In the same note, Mr Blair stated: “Although Iraq’s WMD [weapons of mass destruction] is the immediate justification for action, ridding Iraq of Saddam is the real prize.”

'I'll be with you whatever': A key line from the memos from Blair to Bush (Iraq Inquiry/PA )
Iraq Inquiry/PA

One note from the PM to the president was handwritten, showing the intimacy Mr Blair was seeking to establish with the powerful US leader.

He heaped praise on Mr Bush for “a brilliant speech” that would force people to “come up to the mark”.

The memo, dated 12 September, 2002, after a UN General Assembly address, said: “Dear George, It was a brilliant speech. It puts us in exactly the right strategy to get the job done. The reception has been very positive with everyone now challenged to come up to the mark. Well done.

“Yours ever, Tony”

The day after 9/11 Mr Blair said stopping the spread of WMD “will require action that some will baulk at. But we are better to act now and explain and justify our actions than let the day be put off until some further, perhaps even worse catastrophe occurs.”

On October 11 2001 he wrote of “a real willingness in the Middle East to get Saddam out”, showing that Bush was already pressing for regime change.

But he warned: “If we hit Iraq now, we would lose the entire Arab world, Russia, probably half the EU... I am sure we can devise a strategy for Saddam deliverable at a later date.”

Mr Blair said that “a dedicated tightly knit propaganda unit” was required.

Chilcot report: Blair's note to Bush

In December Mr Blair talked about “softening up” public opinion by working with UN inspectors.

On July 28 2002 he wrote: “I will be with you, whatever. But this is the moment to assess bluntly the difficulties. The planning on this and the strategy are the toughest yet. This is not Kosovo. This is not Afghanistan. It is not even the Gulf War.”

On February 19 2003, weeks before war, Mr Blair wrote a lengthy note suggesting a second UN resolution as an “ultimatum” to Saddam.

In June, after the invasion, he admitted the dangers of post-war chaos. “The task is absolutely awesome and I’m not at all sure we’re geared for it. This is worse than rebuilding a country from scratch. My sense is: we’re going to get there but not quickly enough. And if it falls apart, everything falls apart in the region.”

On June 5 his worries were plain when he wrote: “By this time next year, it better be going right, not wrong. For us and for the world!”

With the failure to find WMD, Blair wrote on February 1, 2004: “If we have to accept that some of the Iraq intelligence was wrong, we will do so.
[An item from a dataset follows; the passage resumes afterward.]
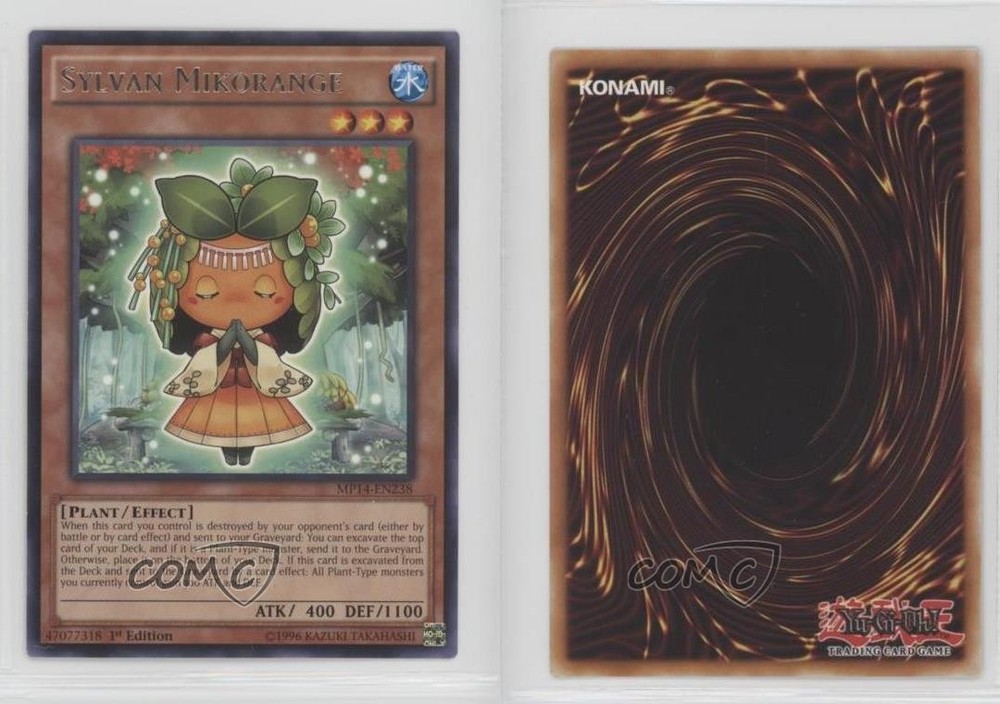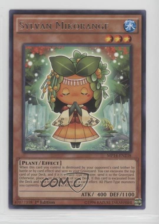 2014 Yu-Gi-Oh! Mega-Tins Mega Pack - [Base] - 1st Edition #MP14-EN238 Sylvan Mikorange COMC Item: 172308248 - YuGiOh Card Search for more: 2014 Yu-Gi-Oh! Mega-Tins Mega Pack Search for more: 2014 Yu-Gi-Oh! Mega-Tins Mega Pack - [Base] - 1st Edition View all of our Listings Auctions Buy It Now About Us Located in the beautiful Pacific Northwest, COMC (Check Out My Cards) is the world's largest consignment service for trading card singles. More than 10,000 people have used our consignment service to list over 50 million trading cards. Find out how we can help you consign your items on eBay by contacting us through eBay messaging. COMC -- "The Safe & Easy Way to Buy & Sell" Raw Condition for Modern Cards Unless otherwise noted, raw modern cards are listed in Near Mint-Mint condition or better. A NM-MT card appears to be Mint at first glance, but upon closer inspection, may exhibit some of the following: minor print defects (e.g. roller marks, print line, dimple), minor scratches, slight edge wear, and slight corner wear. Centering is clearly visible in the images provided and does not factor into our condition assessment. Raw Condition for Vintage Cards Unless otherwise noted, raw vintage cards are listed in Excellent condition or better. An EX card may exhibit some of the following: minor rounding of corners, surface wear, print defects, light scratches, and slight edge wear/chipping. Centering is clearly visible in the images provided and does not factor into our condition assessment. Domestic Shipping Combined shipping for multiple items is available. To receive combined shipping, please ensure all desired items are in your eBay shopping cart before proceeding to checkout. eBay limits orders to 40 items per order. We automatically combine multiple orders placed on the same day. If you place multiple orders on the same day, please contact us to request a refund of applicable shipping costs. Signature confirmation may be required on invoices over $400. All cards are protected and shipped securely. International Shipping COMC offers eBay's International Shipping (EIS) for international orders under $2,500* (see country exceptions below). All duties and import fees are paid at checkout; in the rare event that there are additional import fees upon delivery, these are borne by the buyer. EIS packages route through a shipping hub in Erlanger, KY before shipping to their final destination. Please note that EIS does not allow for combined shipments. The shipping rates are determined by eBay and cannot be adjusted. *Maximum sale price exceptions: Colombia, Kuwait ($2,000); Taiwan ($1,539); Chile, Costa Rica, Guatemala, Honduras, Trinidad and Tobago ($1,000); Antigua and Barbuda, Aruba, Belize, Dominica, Grenada, Philippines, Saint Kitts and Nevis, Saint Lucia, Montserrat, Turks and Caicos Islands ($500); Dominican Republic, El Salvador ($200). Please request a shipping quote through eBay messaging for orders that exceed the maximum sale price supported by eBay's International Shipping. You will be responsible for all duties and import fees for international orders shipped outside the EIS. All cards are protected and shipped securely. Payment COMC does not accept offers on our cards through our eBay storefront. COMC utilizes eBay’s managed payments system. If you are experiencing difficulties making a payment, please contact eBay for assistance. Return Policy Returns are only accepted on the rare occasion the item is not as described. If you are making a return, please initiate the return process through eBay so a mailing label can be provided for you. Prior to listing, our expert team carefully assessed this item to represent it accurately. Please review the description and high-definition images prior to purchasing to ensure this item meets your satisfaction. We welcome you to contact us if you have further questions about this item. Trust and Integrity COMC carefully assesses each item consigned to us to prevent fraudulent items from entering the marketplace. If you believe an item offered on COMC may be fraudulent, please contact us with details so we can investigate the issue. Items we determine are outside our supported items policy may be removed. Last Modified: 6/3/2025 5:10:33 AM PDT

But let us not either a) lurch to the opposite extreme and start pretending Iraq had nothing; or b) let any intelligence inaccuracy move us off confronting the WMD issue.”

After visiting Baghdad he said: “I left Iraq, on balance, more optimistic not less...The Government obviously has a clear sense of mission...”
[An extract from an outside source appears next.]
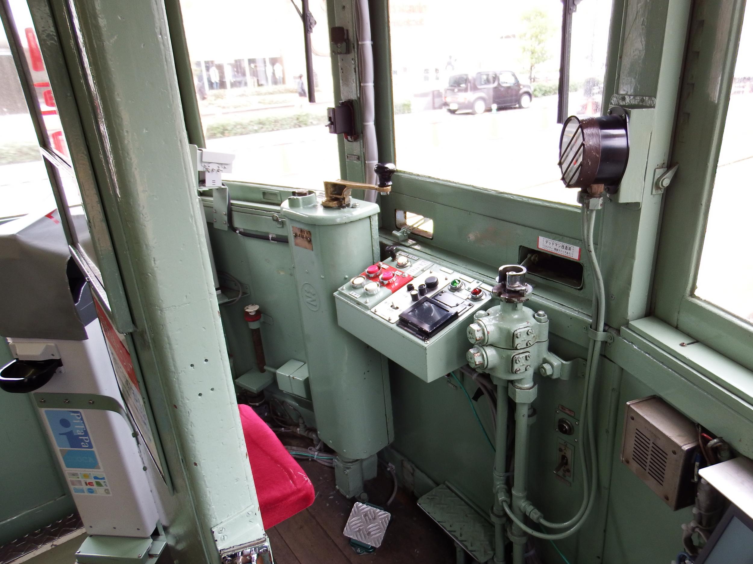 車番プレートの下の垂木が割れているのが気になりますが、飾り金具で柱としっかり固定されていて、車体自体は金属製なので問題ないかと。運転台の計器類は圧力計だけで速度計はなく、運転士さんが体感で速度を把握しています。

But he warned that “the nature of the insurgency is changing...hence Basra becoming a problem”.

In 2006, desperate for a success before he left office, Mr Blair, wrote: “This is the time to go for it; to take risks. To strive and fail is so much better than not striving. But actually, I think it could just succeed and in doing so give us the strong finish we both want.”

He added: “The stalemate has to end …. This is the time to cash in all of our chips here.”